Shortly before hatching, the nearly developed embryos produce clicking and peeping sounds inside the eggs. Known as “pipping,” these vocalizations help synchronize hatching among different members of the brood. The hen responds by making soft clucking sounds to her unhatched ducklings. These early communications are a crucial part of a process known as imprinting, in which the ducklings learn to recognize their mother’s voice. This ensures that the brood will follow their mother when it’s time to leave the nest.

As the hatching process begins, each duckling penetrates the inner shell membrane of the air cell with its bill, and its lungs start to function. Next the ducklings take on the arduous task of breaking out of their shells. Young waterfowl use an egg tooth—a hard, horny structure on the upper tip of the bill—to break through the outer shell membrane and shell. It typically takes about a day for all the ducklings to hatch. Once they have emerged from the eggs, the ducklings remain in the nest with their mother for another 24 hours or so until their down has dried. Then the ducklings are finally ready to leave the nest and follow their mother to the nearest wetland to feed.

This wondrous sequence of events can only take place if nesting waterfowl have access to high-quality wetlands and associated upland habitats on their breeding grounds. Since 1937, Ducks Unlimited has been dedicated to conserving the habitats that waterfowl need to nest and raise their broods. Given the many threats currently facing wetlands and grasslands across this continent, waterfowl need your support more than ever to ensure a secure future for the birds and their habitats.

Egg Candling

Egg candling
DUC’s Scott Stephens, candling a blue-winged teal egg.
© DUC

Candling is a method in which bright light is used to see what’s inside an egg. Waterfowl researchers use a short piece of radiator hose and sunlight to candle eggs in the field. Using this technique, biologists can determine the incubation stage of an egg by examining the size of the embryo, shape of the yolk, development of the circulatory system, density of opaque areas, and size of the air cell within the egg. Once the incubation stage is determined, biologists can estimate when the eggs were laid, when incubation began, and when they will hatch. This information helps researchers monitor nest success and know when to return to the nest to mark hatched young.

How an Egg Is Formed 

Hen sitting on an egg
A canvasback hen sits on her nest in a prairie marsh.
© DUC

Many organs and systems help convert the raw materials consumed by female waterfowl into the various elements that become an egg. Female waterfowl have a single functional left ovary and left oviduct, located in the body cavity near the spine. The ovary contains thousands of tiny follicles. During the prelaying period, some of the follicles begin to grow rapidly and accumulate yolk to form an ovum.

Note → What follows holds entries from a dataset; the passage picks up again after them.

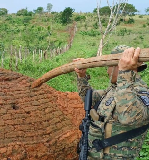 No povoado de Bate Tambor, em Nova Redenção, os policiais identificaram um forno utilizado para produção clandestina de carvão vegetal. O equipamento foi destruído, já que a prática configura crime ambiental. O responsável pela atividade não foi localizado.
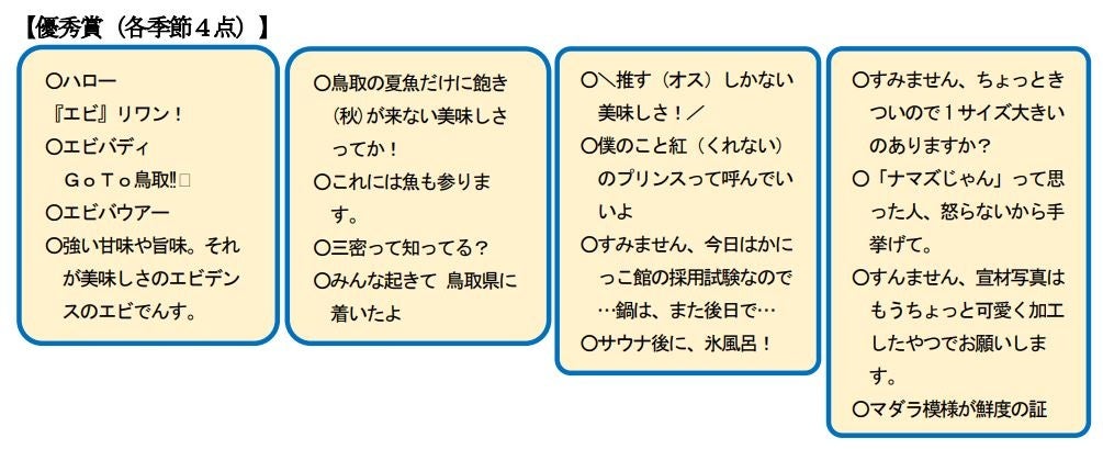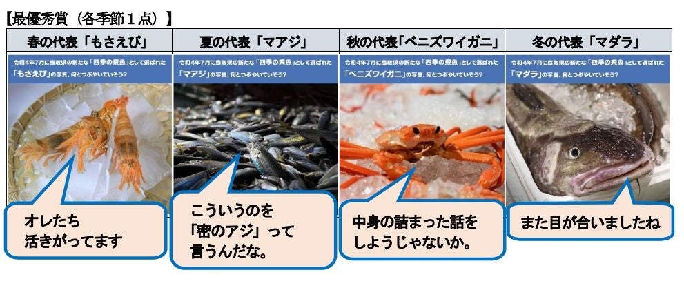 選考基準:鳥取県の「四季の県魚」としてふさわしいものか、ユーモラスな投稿であるか など
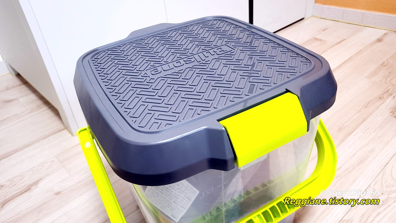 버킷의 사각 형태는 용품 수납에 있어 깔끔한 느낌을 줍니다
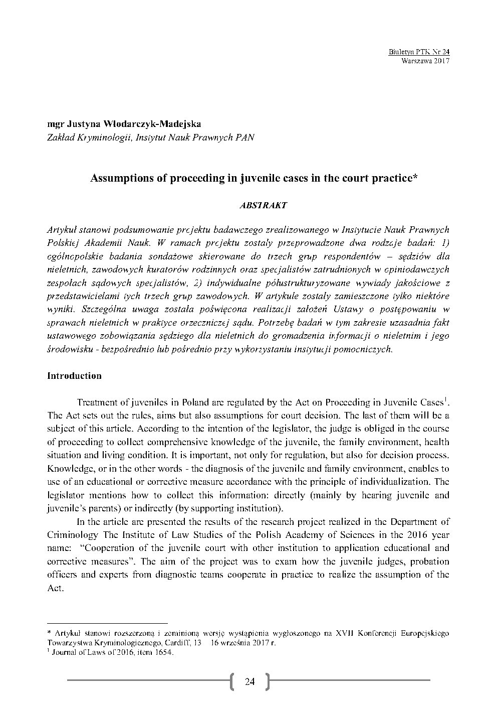 Article is a summary of the research project realized in The Institute of Law Studies of the PolishAcademy of Sciences. In the course of project, there were conducted national surveys addressed to juvenile judges, professional family probation officers, experts from diagnostic teams and the individual in-depth interviews with selected representatives of these groups. The aim of the article is to present the results of the researches, the mainly the answer on the question how do juvenile courts realize in practice the assumptions of the Act on Proceeding in Juvenile Cases. Researches, in the application of law, have been considered particularly important because the law obliges the juvenile judges to collect information about juvenile and his/her environment – directly or indirectly (by supporting institutions).
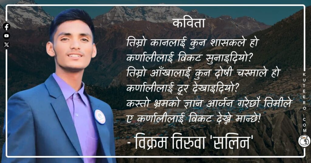 जब मान्छेहरुले कर्णाली सुन्दछन्तब मान्छेहरु हतारिन्छन् र मलाईविकट नामकरण गर्न एक पाइला पछि हट्दैनन्र मेरो परिचय बन्छ विकट कर्णाली ! तिम्रो कानलाई कुन शासकले होकर्णालीलाई विकट सुनाइदियो?तिम्रो आँखालाई कुन दोषी चस्माले होकर्णालीलाई दूर देखाइदियो?कस्तो भ्रमको ज्ञान आर्जन गरेछौ तिमीलेए कर्णालीलाई विकट देख्ने मान्छे !म कर्णाली बोल्दै छु। एकपटक तिमीले मलाई आफ्नोसामीप्यमा राख अनिअनुभूति गर्नेछौं म […]
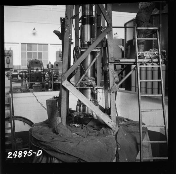 Big Creek Powerhouse #3 - Unit #4 - Generator shaft transom collar. (lifting rig for unit rotor)
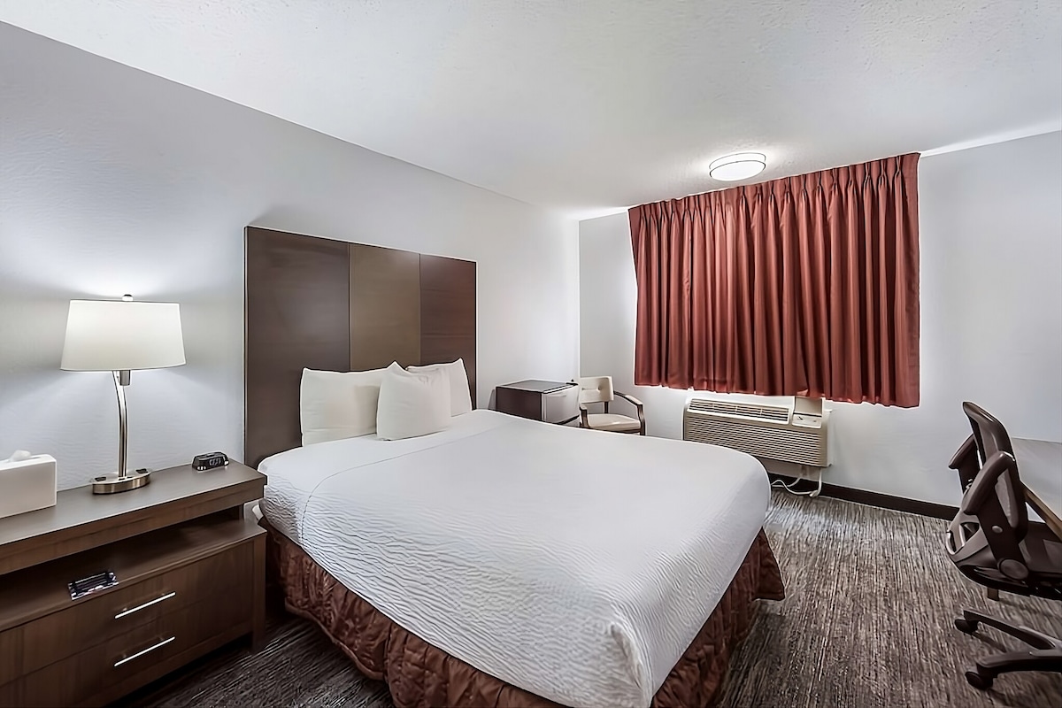Looking for a simple, comfortable place to stay in Medford? Our King Room offers the convenience travelers appreciate—ground-floor access with parking right outside your door. The room features a comfortable king bed and a relaxing recliner, perfect for unwinding after a long day. Located just minutes from I-5, downtown Medford, and the airport, it’s an easy stop whether you're visiting the Rogue Valley, traveling for work, or passing through Southern Oregon. Clean, comfortable, and welcoming.
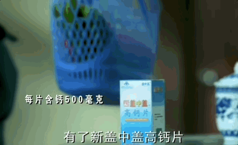 “新盖中盖牌高钙片,一派顶往日五片。”
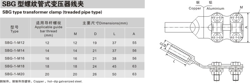 SBG型螺紋管式變壓器(qì)線夾
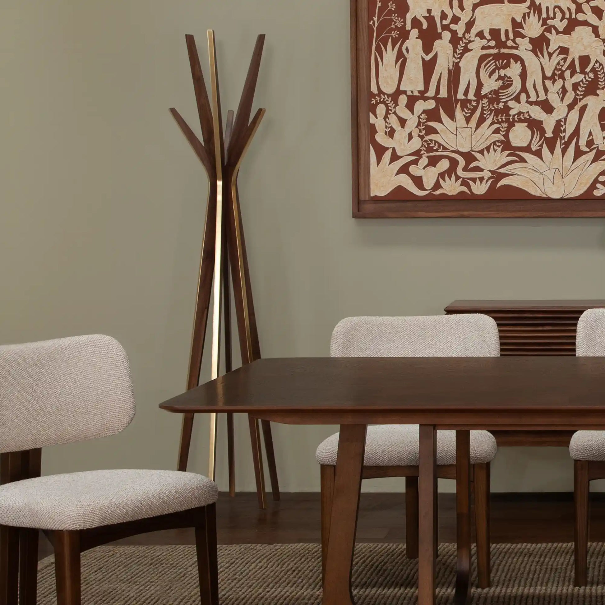 El Perchero Nórdico Nogal es una pieza estilizada que destaca por su diseño escandinavo y minimalista. Fabricado en madera de nogal, este perchero combina líneas limpias y una estructura robusta, ideal para añadir un toque de elegancia natural a cualquier espacio. Su diseño en forma de trípode maximiza el almacenamiento para abrigos, sombreros y accesorios, mientras que su acabado en nogal resalta la calidez de la madera. Perfecto para entradas o dormitorios, este perchero es una solución práctica y decorativa que complementa cualquier estilo moderno o contemporáneo.
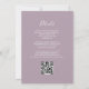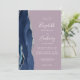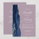 The left-hand edge of this elegant modern wedding invitation features a navy blue watercolor agate border trimmed with faux silver glitter. The customisable text combines handwriting, copperplate and italic fonts in white on a mauve purple background. The reverse side provides space for wedding details on a solid mauve background, along with a QR code guests can scan to visit your website and RSVP, which saves the cost of printing and mailing separate RSVP cards.
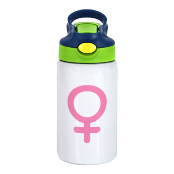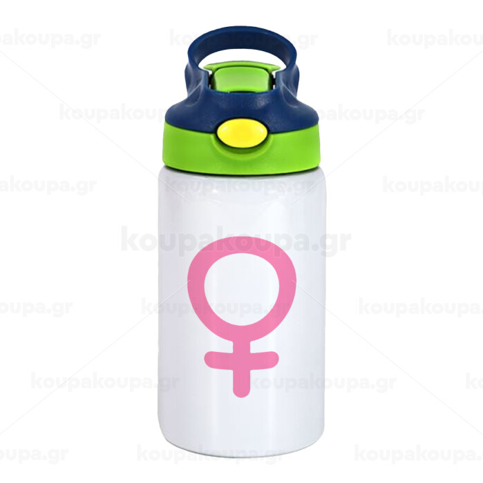 FEMALE, Children's hot water bottle, stainless steel, with safety straw, green, blue (350ml)
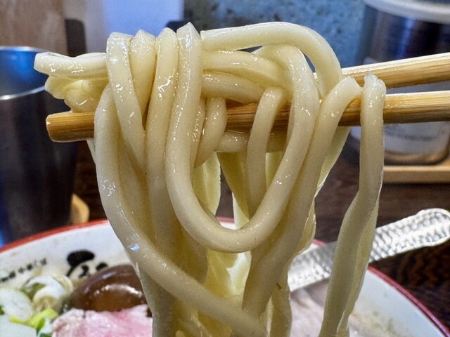 合わさる麺はもちっとした中太麺、どことなく沖縄そばをイメージしちゃいました。卓上にトウガラシ酢もあるし。

When the ovum within a follicle is mature, the follicle bursts and the ovum is released into the oviduct. Following ovulation, the ovum enters the first section of the oviduct, known as the infundibulum, where it is fertilized by sperm from a male during the half hour or so it spends there. The ovum then moves to the magnum, where the albumen (egg white) is deposited around the yolk in about two and a half hours. Finally, the shell is formed as it moves through the isthmus and into the uterus, where it remains for about 20 hours until laying.

By Dr. John Coluccy, director of conservation planning, and Ed Farley, conservation intern in DU’s Great Lakes/Atlantic Region.